● What to work on: Nothing outside the stretch is wanted. Repeat exactly the lines of the listing below from the one that contains "Dimensionless in-plane normal" through the one that contains "副校长郑喜群代表学校作了省级", both ends included.

● Record extracts:

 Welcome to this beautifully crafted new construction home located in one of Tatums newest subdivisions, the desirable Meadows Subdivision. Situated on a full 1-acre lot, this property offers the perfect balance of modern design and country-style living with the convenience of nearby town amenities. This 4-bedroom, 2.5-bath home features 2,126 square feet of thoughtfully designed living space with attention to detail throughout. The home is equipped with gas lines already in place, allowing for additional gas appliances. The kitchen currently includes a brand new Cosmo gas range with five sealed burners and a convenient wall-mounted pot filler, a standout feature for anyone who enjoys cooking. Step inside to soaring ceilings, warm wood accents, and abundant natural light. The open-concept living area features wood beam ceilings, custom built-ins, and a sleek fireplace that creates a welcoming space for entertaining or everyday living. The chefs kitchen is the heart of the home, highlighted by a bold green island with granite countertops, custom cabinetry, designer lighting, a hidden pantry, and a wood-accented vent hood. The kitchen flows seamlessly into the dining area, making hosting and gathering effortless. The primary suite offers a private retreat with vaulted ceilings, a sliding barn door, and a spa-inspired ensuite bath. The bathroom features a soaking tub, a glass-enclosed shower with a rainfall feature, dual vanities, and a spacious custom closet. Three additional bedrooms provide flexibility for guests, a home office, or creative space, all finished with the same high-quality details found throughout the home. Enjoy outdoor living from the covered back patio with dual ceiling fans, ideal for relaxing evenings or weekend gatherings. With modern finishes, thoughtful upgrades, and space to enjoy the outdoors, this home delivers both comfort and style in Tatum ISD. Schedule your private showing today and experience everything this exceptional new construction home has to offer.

---

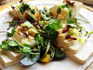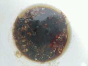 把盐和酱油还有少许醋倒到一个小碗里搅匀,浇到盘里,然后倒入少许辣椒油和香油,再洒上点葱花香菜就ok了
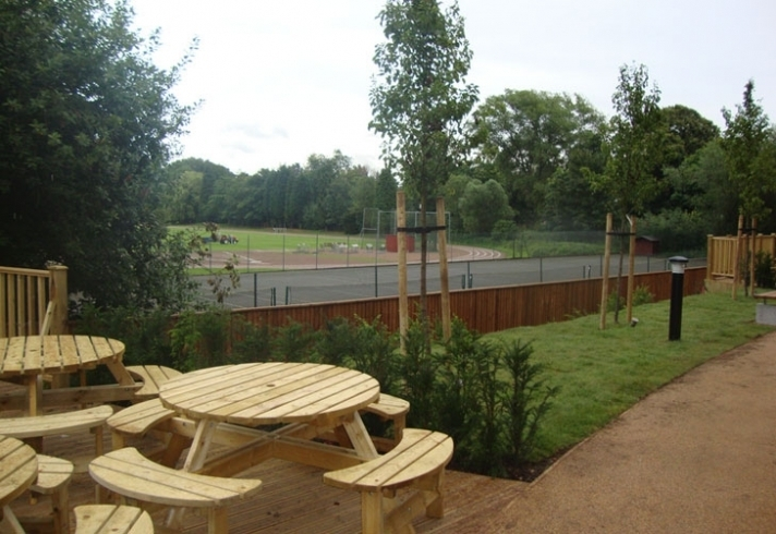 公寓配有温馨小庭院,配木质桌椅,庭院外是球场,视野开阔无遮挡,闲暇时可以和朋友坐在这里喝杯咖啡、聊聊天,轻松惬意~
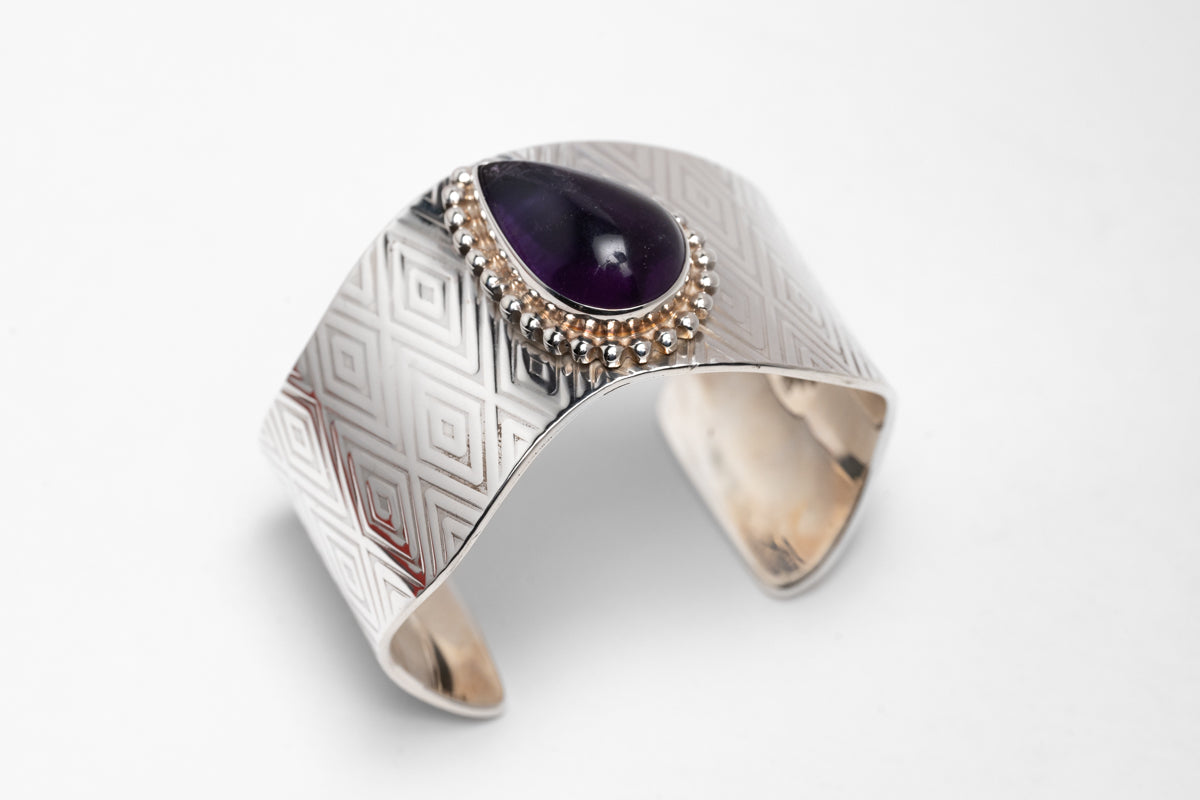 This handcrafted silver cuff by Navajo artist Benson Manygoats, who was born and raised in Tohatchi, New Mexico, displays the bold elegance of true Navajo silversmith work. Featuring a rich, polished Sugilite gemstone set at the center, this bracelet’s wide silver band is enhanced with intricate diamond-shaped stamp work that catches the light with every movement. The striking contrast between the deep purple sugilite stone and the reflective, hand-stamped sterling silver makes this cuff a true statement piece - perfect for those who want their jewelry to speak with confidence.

...

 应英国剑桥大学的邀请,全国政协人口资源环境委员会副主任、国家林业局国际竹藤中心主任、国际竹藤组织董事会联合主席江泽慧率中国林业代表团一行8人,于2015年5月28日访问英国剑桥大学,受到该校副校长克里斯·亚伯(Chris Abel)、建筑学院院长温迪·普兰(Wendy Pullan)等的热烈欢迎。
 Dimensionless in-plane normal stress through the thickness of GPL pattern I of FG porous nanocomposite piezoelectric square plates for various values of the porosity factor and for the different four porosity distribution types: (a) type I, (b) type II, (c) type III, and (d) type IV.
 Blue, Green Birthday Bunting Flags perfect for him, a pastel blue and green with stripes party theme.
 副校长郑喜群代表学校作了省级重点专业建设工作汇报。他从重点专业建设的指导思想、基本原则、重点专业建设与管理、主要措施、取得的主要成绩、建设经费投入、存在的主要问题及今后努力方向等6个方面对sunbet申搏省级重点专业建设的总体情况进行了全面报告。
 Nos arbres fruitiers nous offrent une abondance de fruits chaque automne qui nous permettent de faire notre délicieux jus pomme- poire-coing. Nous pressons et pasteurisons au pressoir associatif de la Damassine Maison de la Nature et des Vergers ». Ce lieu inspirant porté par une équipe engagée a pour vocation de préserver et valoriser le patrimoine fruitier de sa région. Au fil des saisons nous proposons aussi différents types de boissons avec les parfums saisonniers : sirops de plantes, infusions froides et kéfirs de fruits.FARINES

● Written response:
 Dimensionless in-plane normal stress through the thickness of GPL pattern I of FG porous nanocomposite piezoelectric square plates for various values of the porosity factor and for the different four porosity distribution types: (a) type I, (b) type II, (c) type III, and (d) type IV.
 Blue, Green Birthday Bunting Flags perfect for him, a pastel blue and green with stripes party theme.
 副校长郑喜群代表学校作了省级重点专业建设工作汇报。他从重点专业建设的指导思想、基本原则、重点专业建设与管理、主要措施、取得的主要成绩、建设经费投入、存在的主要问题及今后努力方向等6个方面对sunbet申搏省级重点专业建设的总体情况进行了全面报告。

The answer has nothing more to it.